Product Recalls and Quality Checks
Nestlé is facing product recalls that raised quality concerns just as it operates in a tighter market. The company said it voluntarily took back small amounts of Lean Cuisine®, STOUFFER’S®, and Vital Pursuit™ frozen meals because wood-like materials might have entered the meals. The batches in question were made from August 2024 to March 2025 and were recalled after customers flagged a potential choking issue. Nestlé stated, “The quality, safety, and integrity of our products remain our number one priority.”
The problem is repeating in a factory outside the U.S. Cereal Partners UK and Ireland also recalled Nestlé Frosted Shreddies after being told that small, hard sugar lumps might cause choking.
Looking Ahead: Nestlé’s Strategic Roadmap
Even with these recalls, Nestlé is still a key player in the global food and beverage market. The company’s market capitalization stood at around $242 billion in September 2025, keeping it among the most valuable firms worldwide.
Navratil’s elevation as the new CEO signals that Nestlé intends to stick closely to the strategy it already has in motion. His extensive experience in coffee and beverages is a natural fit with the areas where Nestlé has the most momentum right now—think high-end coffee and products that tap into health-focused consumer demand.
Research from the Footprint Sustainability Index 2025 reinforces that consumer behavior is converging with Nestlé’s strengths. More than half—56%—of shoppers report they would choose a coffee shop that prominently advertises carbon-cutting efforts. Even more striking, 61% of younger customers are consciously eating less meat, which matches the company’s recent push into plant-based alternatives.
Conclusion: Stability After Storm
Laurent Freixe’s exit is the latest personnel shakeup in a company that has seen several leadership changes in recent years. Yet the quick internal promotion of a well-known executive minimizes uncertainty and reinforces that Nestlé intends to press ahead with the strategy already in place.

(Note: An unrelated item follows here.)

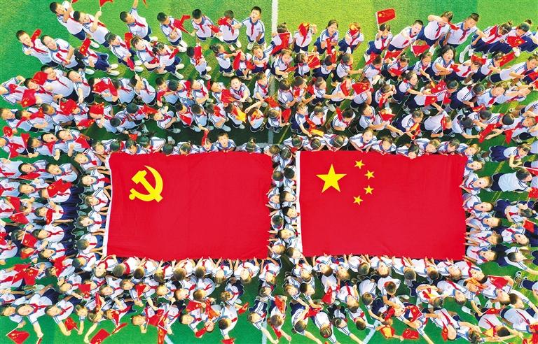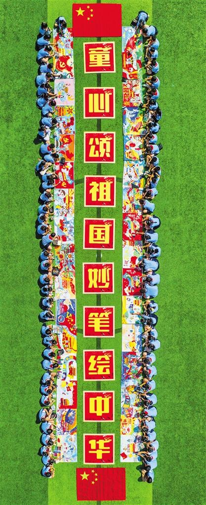 ▶浙江省仙居县第七小学开展“庆国庆·迎盛会”主题活动。师生共同绘制祝福祖国的大型画作,抒发爱党爱国情怀。
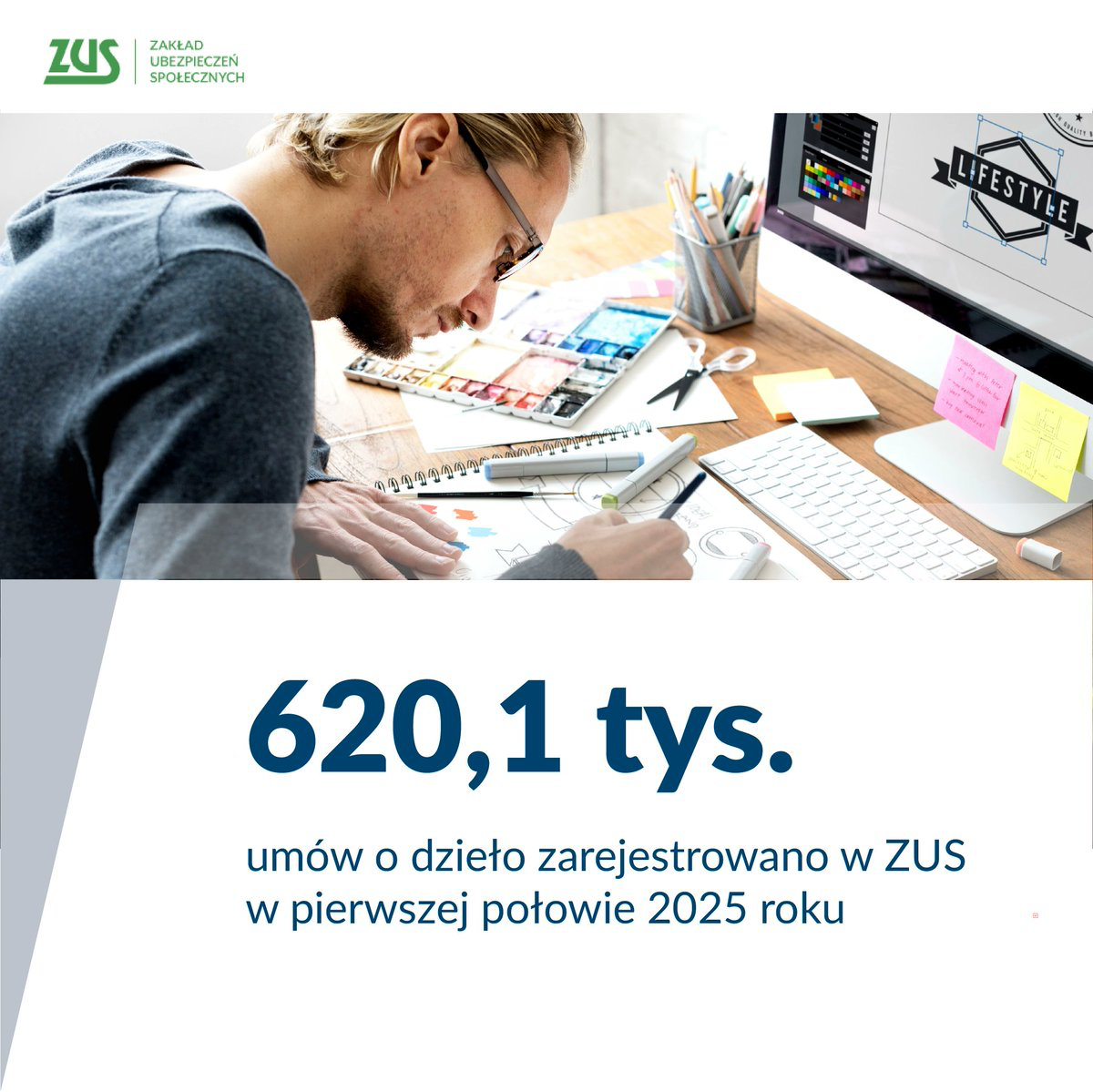 Od 1 stycznia do 30 czerwca 2025 r. do ZUS wpłynęło 519,1 tys. formularzy RUD, na których zgłoszono ponad 620,1 tys. umów o dzieło. Za tymi liczbami stoi 47 tys. podmiotów, które zgłosiły umowy zawarte z 204 tys. wykonawców. Choć liczby te są nieco niższe niż w analogicznym okresie 2024 r. (formularze – spadek o 4,35 proc.; umowy – spadek o 10,08 proc.), rejestr wciąż potwierdza, że umowy o dzieło pozostają istotnym narzędziem uelastyczniającym rynek pracy.

While the company now has to manage a new CEO, ongoing market pressures, and an ambitious sustainability agenda at the same time, Nestlé’s breathtaking scale, diverse brand portfolio, and long-standing commitment to innovation create a buffer. The next 90 to 180 days will be a real test of Navratil’s capability to guide the firm through leadership transition while delivering profitable, eco-forward growth in a market where consumer tastes and climate dynamics are changing fast.

The issues bubbling at Nestlé show that no company, no matter how big, can let its guard down on good governance while it keeps pace with market swings and changing customer demands. How well Nestlé juggles these ongoing pressures will chart its path over the next few years.